The fully franked final dividend of 8 cents per ordinary share was up 23.1% and the total fully franked dividend of FY 2016, was up 21.7% to 14 cents per share. This result has come after posting a $10.4 million loss in FY15 following a $37.5 million write-down of its Sizzler brand.
Operational Highlights (Source: Company Reports)
Mr Maxwell further added that strong sales in the KFC restaurants were driven by excellent core product offerings combined with the innovations in new products and good value offers which kept customers coming back.

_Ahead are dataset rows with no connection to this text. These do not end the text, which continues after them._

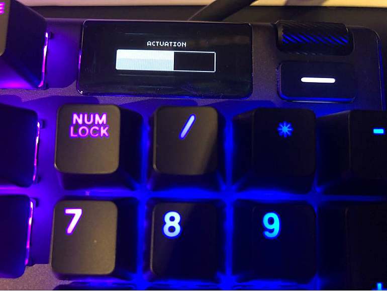 值得注意的是其采用的OmniPoint可调节触发键程轴体。经常打字的用户以及部分游戏玩家喜欢较长的按键触发距离,有的甚至可以达到3.6mm,以保证每一次输入都精准无误。而另一部分玩家,特别是电竞选手,喜欢较短的触发行程,以便更快完成操作,抢占先机,他们倾向的触发距离最短只有0.4mm。在过去几年间,尽管市场上出现了一些拥有更快触发速度的机械键盘,但它们在准确度方面的表现并不理想,玩家即便只是轻轻误碰了附近按键,也会导致意外操作,甚至输掉比赛。
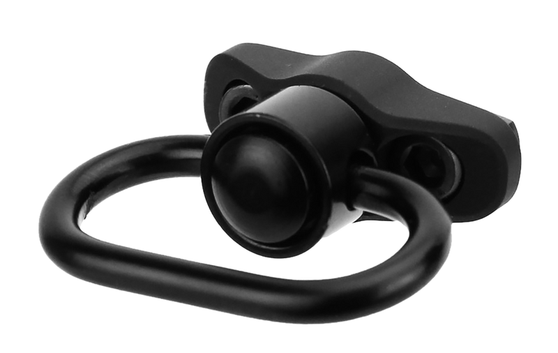 This TacFire sling mount features a quick-detach (QD) attachment point compatible with M-LOK slots on modern rifles and carbines. It includes an integrated QD sling swivel for rapid sling attachment and detachment. The black push-button design provides secure, tool-free installation and removal.
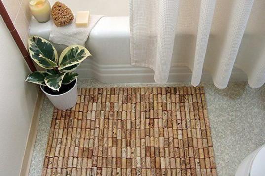 Alfombra de baño elaborada con tapones de corcho... ¡Perfecta para no dejar pasar el agua!

The company continues to use the disciplined approach in cost control and efficiency improvements achieving further margin improvements across all the restaurants.
The strategy of expanding the KFC network in regions with low market penetration continues and ensures that investment will continue at the appropriate level in existing portfolios with the objective of keeping these restaurants contemporary and providing customers with positive experiences. The investment continued with a further six new builds (three each in south-east Queensland and Perth, as well as further major remodels in Western Australia and Queensland.
Regarding the company outlook for FY 2017, the priorities for KFC are said to continue to focus on top line growth, the disciplined approach to operational management, the maintenance of margins in Queensland and the unlocking of other margin opportunities in Western Australia and Northern Territory. Investment will be maintained in the KFC business with plans for up to 8 new restaurants in addition to 14 major remodels.
On completion, the 13 KFC restaurants will be integrated into the company network and there will be continued evaluation of further acquisition opportunities. The company will also embed control of Snag Stand and continue to refine the brand positioning and economic model. Sizzler Asia will continue to grow with plans for several new restaurant openings in Thailand and China.